JavaScript Program to Check if all rows of a matrix are circular rotations of each other

A matrix in JavaScript is a 2-dimensional array where each row contains a fixed number of elements. In this tutorial, we'll learn how to check if all rows of a matrix are circular rotations of each other, meaning we can transform any row into another through left or right rotations.
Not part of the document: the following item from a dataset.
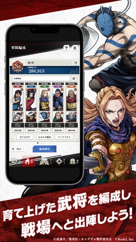 ゲームは育成シミュレーションで、信や嬴政などの武将を育成し、最強の軍隊を編成して戦略的な合戦を楽しめます。

Circular rotation means shifting elements: rotating [1, 2, 3] right gives [3, 1, 2], and rotating left gives [2, 3, 1].

Problem Understanding

Given a matrix, we need to determine if every row can be converted to the first row through circular rotations.

Example 1

Input: [[1, 2, 3], [2, 3, 1], [3, 1, 2]]
Output: Yes

Explanation: Row 2 [2, 3, 1] is row 1 rotated left by 1. Row 3 [3, 1, 2] is row 1 rotated left by 2.

Example 2

Input: [[1, 2, 3], [2, 1, 3], [1, 2, 3]]
Output: No

Explanation: Row 2 [2, 1, 3] cannot be converted to [1, 2, 3] through any rotation.

Approach

Our solution involves:

• Create a rotation function to shift array elements

• Compare each row with the first row

• For non-matching rows, try all possible rotations

• Return false if any row cannot match the first row after all rotations

Implementation

// Function to rotate array elements to the right
function rotate(arr) {
   let l = 0;
   let r = arr.length - 1;
   while (l < r) {
      // Swap elements using arithmetic operations
      arr[l] += arr[r];
      arr[r] = arr[l] - arr[r];
      arr[l] = arr[l] - arr[r];
      l++;
   }
   return arr;
}

// Function to check if all matrix rows are circular rotations
function checkCircularRotations(mat) {
   let rows = mat.length;
   let cols = mat[0].length;
   
   // Check each row starting from row 1
   for (let i = 1; i < rows; i++) {
      let rotations = 0;
      
      // Try up to 'cols' rotations
      while (rotations < cols) {
         let j = 0;
         
         // Compare current row with first row
         for (j = 0; j < cols; j++) {
            if (mat[0][j] != mat[i][j]) {
               break;
            }
         }
         
         // If all elements match, move to next row
         if (j == cols) {
            break;
         } else {
            // Rotate current row and try again
            mat[i] = rotate(mat[i]);
         }
         rotations++;
      }
      
      // If no rotation matched, return false
      if (rotations == cols) {
         return false;
      }
   }
   return true;
}

// Test the function
let matrix = [
   [1, 2, 3],
   [2, 3, 1],
   [3, 1, 2]
];

console.log("Matrix:", matrix);
console.log("Result:", checkCircularRotations(matrix) ? "Yes" : "No");

// Test with second example
let matrix2 = [
   [1, 2, 3],
   [2, 1, 3],
   [1, 2, 3]
];

console.log("\nMatrix2:", matrix2);
console.log("Result:", checkCircularRotations(matrix2) ? "Yes" : "No");

Matrix: [ [ 1, 2, 3 ], [ 2, 3, 1 ], [ 3, 1, 2 ] ]
Result: Yes

Matrix2: [ [ 1, 2, 3 ], [ 2, 1, 3 ], [ 1, 2, 3 ] ]
Result: No

How the Rotation Works

The rotate function shifts all elements one position to the right:

function demonstrateRotation() {
   let arr = [1, 2, 3];
   console.log("Original:", arr);
   
   rotate(arr);
   console.log("After 1 rotation:", arr);
   
   rotate(arr);
   console.log("After 2 rotations:", arr);
   
   rotate(arr);
   console.log("After 3 rotations:", arr);
}

demonstrateRotation();

Original: [ 1, 2, 3 ]
After 1 rotation: [ 3, 1, 2 ]
After 2 rotations: [ 2, 3, 1 ]
After 3 rotations: [ 1, 2, 3 ]

Time and Space Complexity

Conclusion

This solution efficiently checks if matrix rows are circular rotations by comparing each row with the first after trying all possible rotations. The algorithm uses in-place rotation with O(1) space complexity.